The lighthouse's photogenic candy stripes have made it a recurring backdrop in British media. Ellie Goulding shot the music video for her 2010 single 'The Writer' at the tower, its lantern serving as the emotional centre of the song's loop of memory. The 2015 horror film AfterDeath used the lighthouse beam as a recurring visual motif, the rotating flash triggering its characters' flashbacks. For most of the year, though, the lighthouse stands quietly on its clifftop above the village, its red bands visible from miles up the coast, its beam still doing the job it was built for in 1790: telling ships where the sandbank ends and the safe water begins.
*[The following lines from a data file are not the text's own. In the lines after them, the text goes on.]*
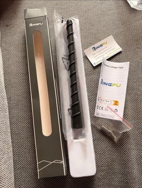 BINGFU bilantenn, tillverkad i Kina. Antennen levereras med tillbehör för montering.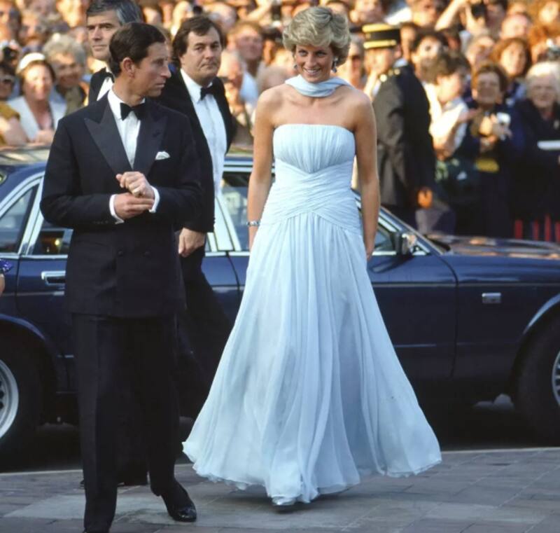 La princesa Diana caminó por la alfombra roja del Festival de Cine de Cannes cuando tenía 26 años, asistiendo a una noche de gala en honor al actor, Sir Alec Guinness, junto al príncipe Carlos. Lady Di cautivó con un vestido sin tirantes azul claro combinado con una bufanda a juego que fluía detrás de ella, un atuendo de su colaboradora frecuente Catherine Walker.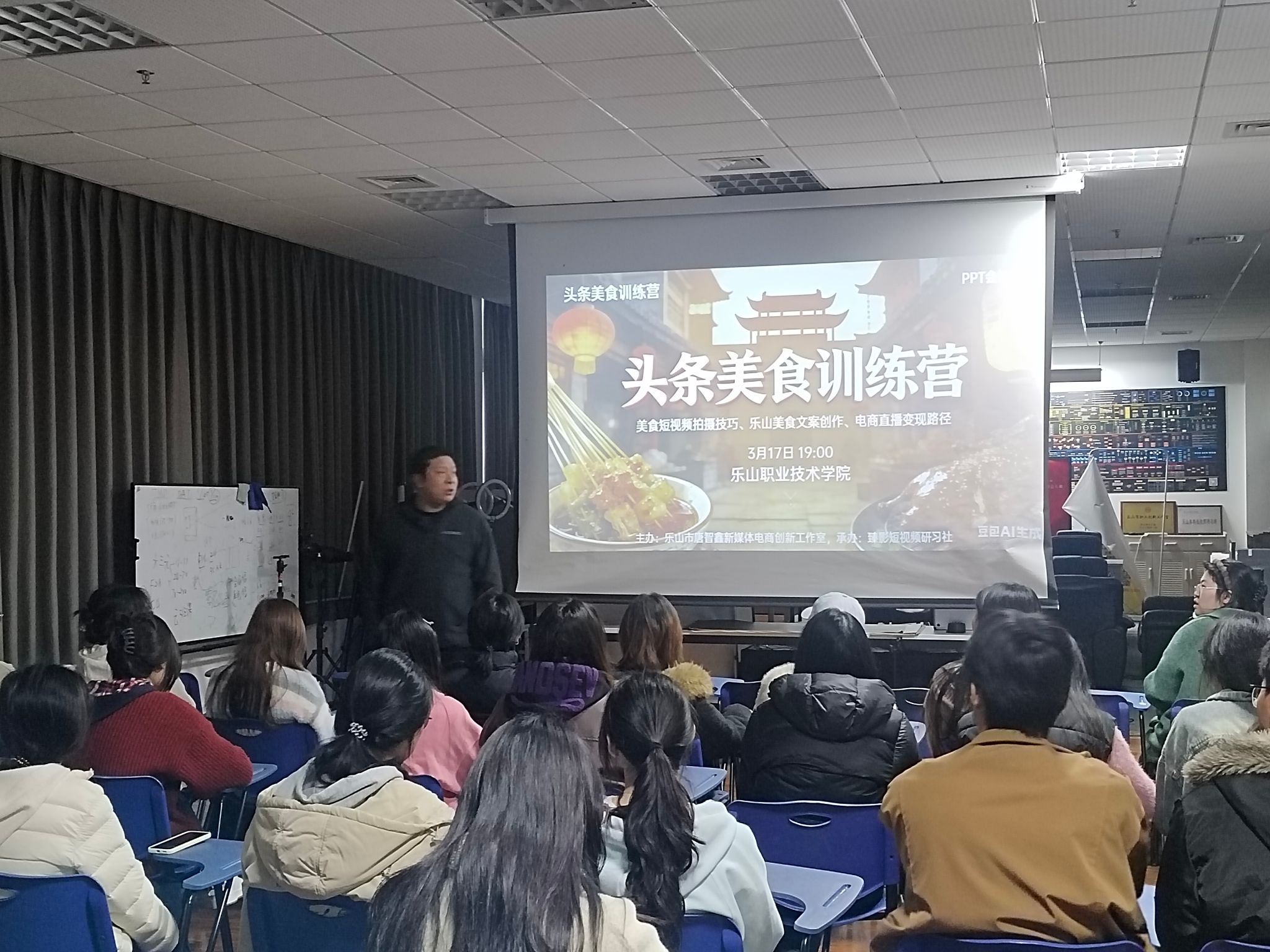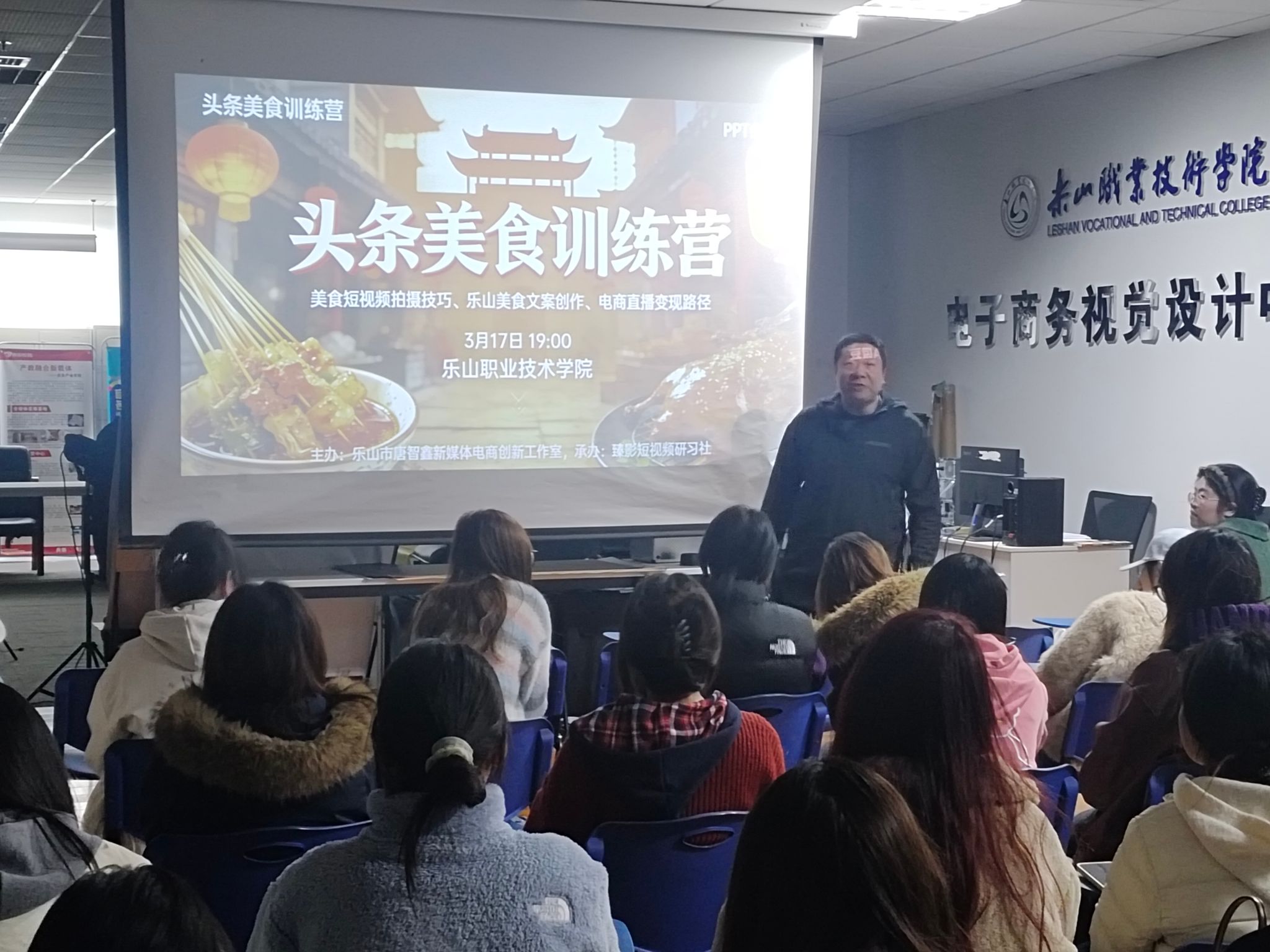 为深入贯彻落实乐山世界美食之都创建发展大局,进一步提升我校师生新媒体内容创作与电商运营能力,3月17日晚,由乐山市唐智鑫新媒体电商创新工作室主办,臻影短视频研习社承办的“头条美食训练营”在我校顺利开营。本次活动吸引了 30 余名师生踊跃参与,共同探索美食图文创作、乐山本土美食文案打造及电商变现路径,以实际行动培育优质美食博主,讲好乐山味道故事,向世界传递嘉州美食魅力。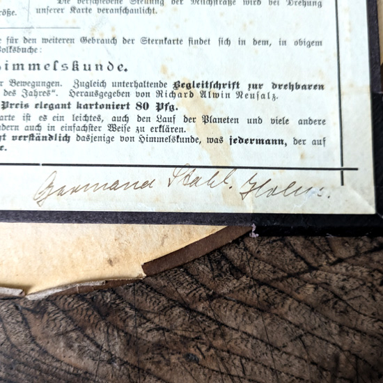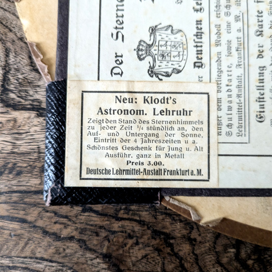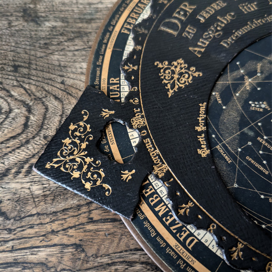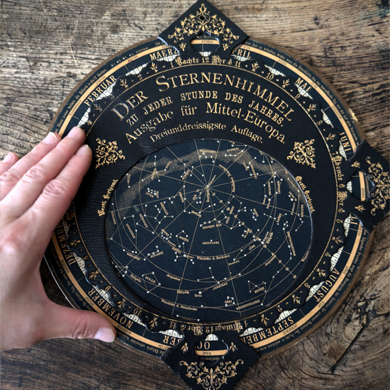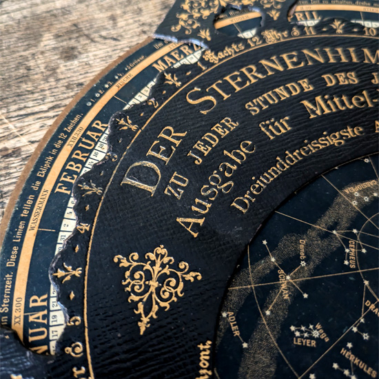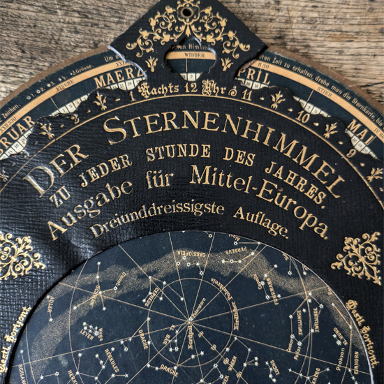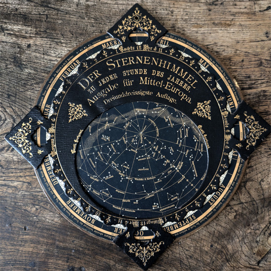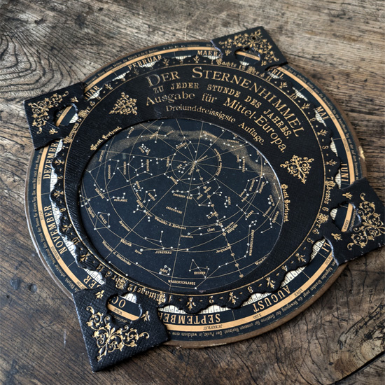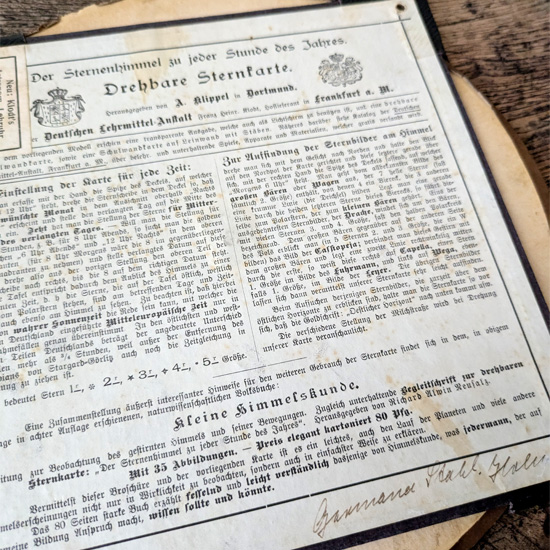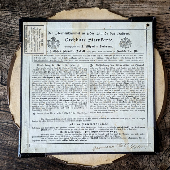 ドイツ、ドルトムントのクリッペル社製の星座早見盤です。古い星座早見盤は英国フィリップ社製の物が出回る数からして見かけた方も多いかと思いますが、こちらはその原型とされるクリッペル社製で、デザイン性がまた秀逸で、革製のような深い紺色紙に、四方に散りばめられた優雅な箔押しの彩りと文字バランスとが大変美しい星座早見盤です。
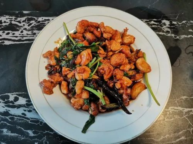 这道菜是台式三杯鸡,除去常见的调料外,最重要的配料就是罗勒叶。鸡腿肉切块腌制,锅中放油,先后加入香油、姜片、葱蒜、干辣椒、冰糖,最后加入鸡腿肉炒至变色,再加入老抽、生抽、水或米酒,收汁后加入罗勒叶就可以出锅啦!色香味俱全的台式三杯鸡就完成啦~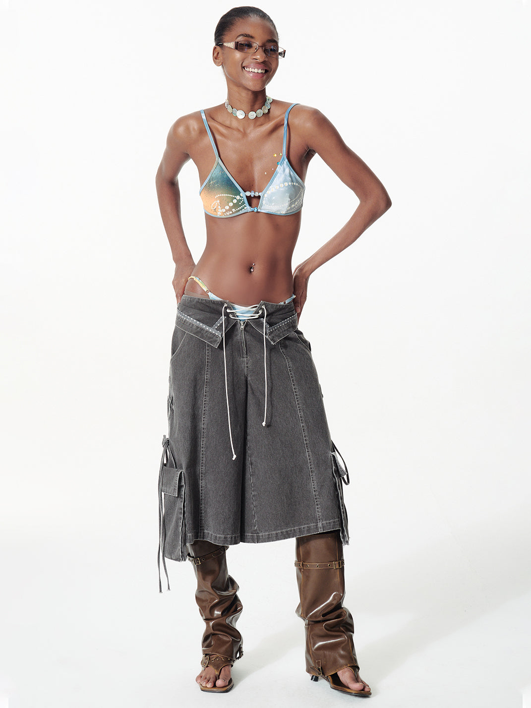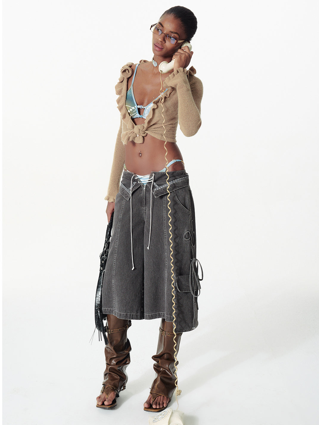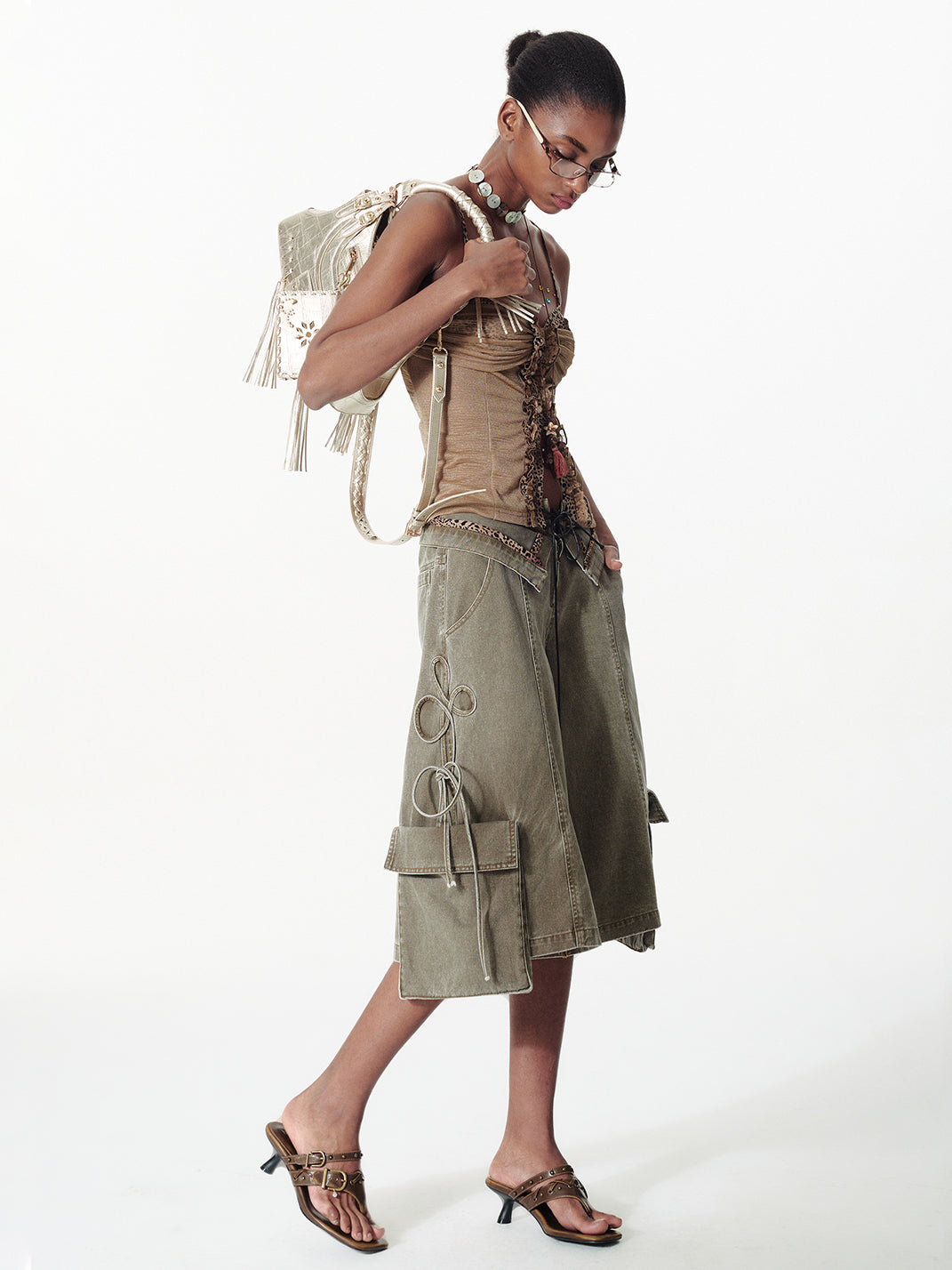 2th Desire | Deconstructed Double-Waist Leopard Contrast Cargo Shorts Skip to content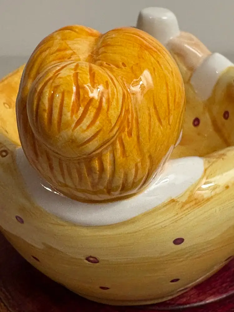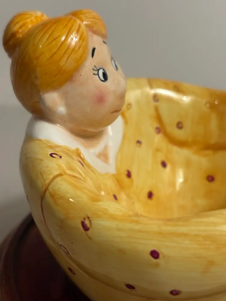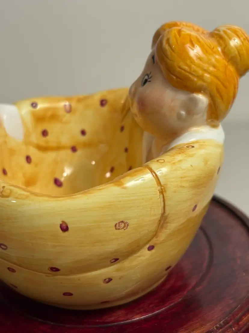 This 4" replacement ceramic bowl for a Jewish Passover Seder plate features a lotus design from 1999. It is a collectible item that would be used in a traditional Passover Seder ceremony, showcasing elements of Jewish religion and spirituality. The unmodified bowl is a meaningful piece for those who appreciate religious artifacts and are looking to complete their Seder plate set.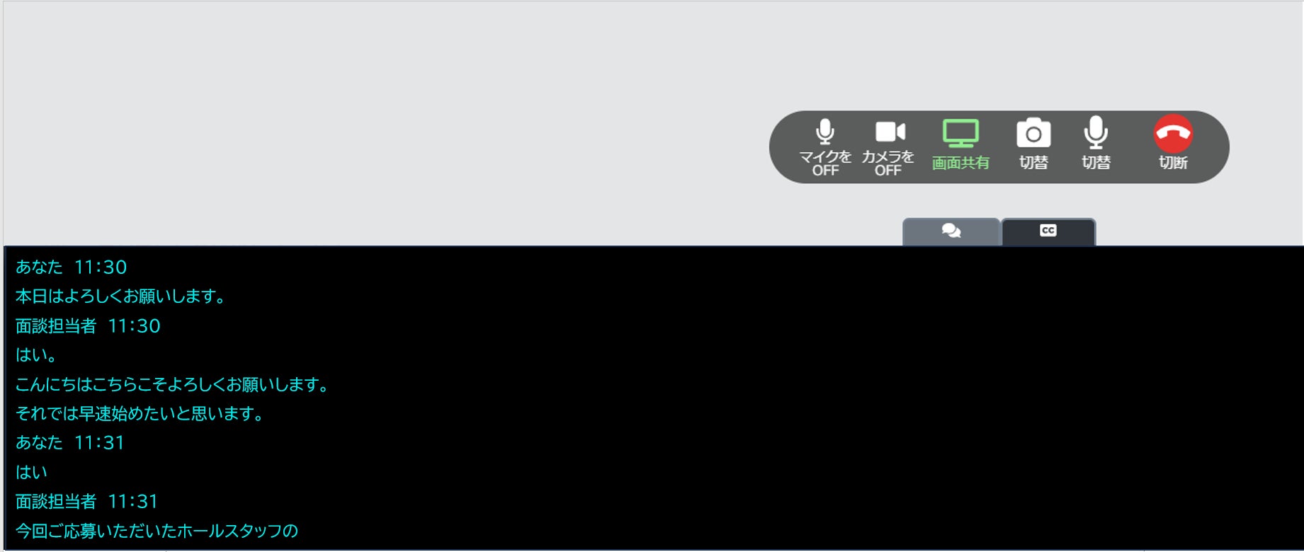 面接中の会話をAIが自動で文字に変換してSOKUMENの画面上に表示させる機能です。

The Haisborough Sands - or Haisborough, the older spelling that matches how the village name was once pronounced - sit roughly eight miles offshore, running parallel to the coast for about ten nautical miles. The bank shifts with the tides, shoals appear and disappear, and shipwrecks litter the seabed in numbers that have made it a popular dive site. The lighthouse is the working answer to that hazard. The fact that a village of barely 1,400 people fought to keep it lit, then took on the responsibility themselves, says something about coastal Norfolk's relationship to the sea: dangerous, immediate, personal, and absolutely not something to be left to a distant agency in London.
Happisburgh Lighthouse stands at 52.8195°N, 1.53867°E on the cliff edge above the North Norfolk coast, about half a mile south of the village church. Best viewed at 500-2,000 ft AGL where the red-and-white candy stripes are unmistakable. Norwich International (EGSH) lies 19 nm southwest. The Haisborough Sands run roughly NNW-SSE about 8 miles offshore. The lighthouse is one of the most recognisable visual landmarks on this coastline, particularly at low altitude in clear conditions.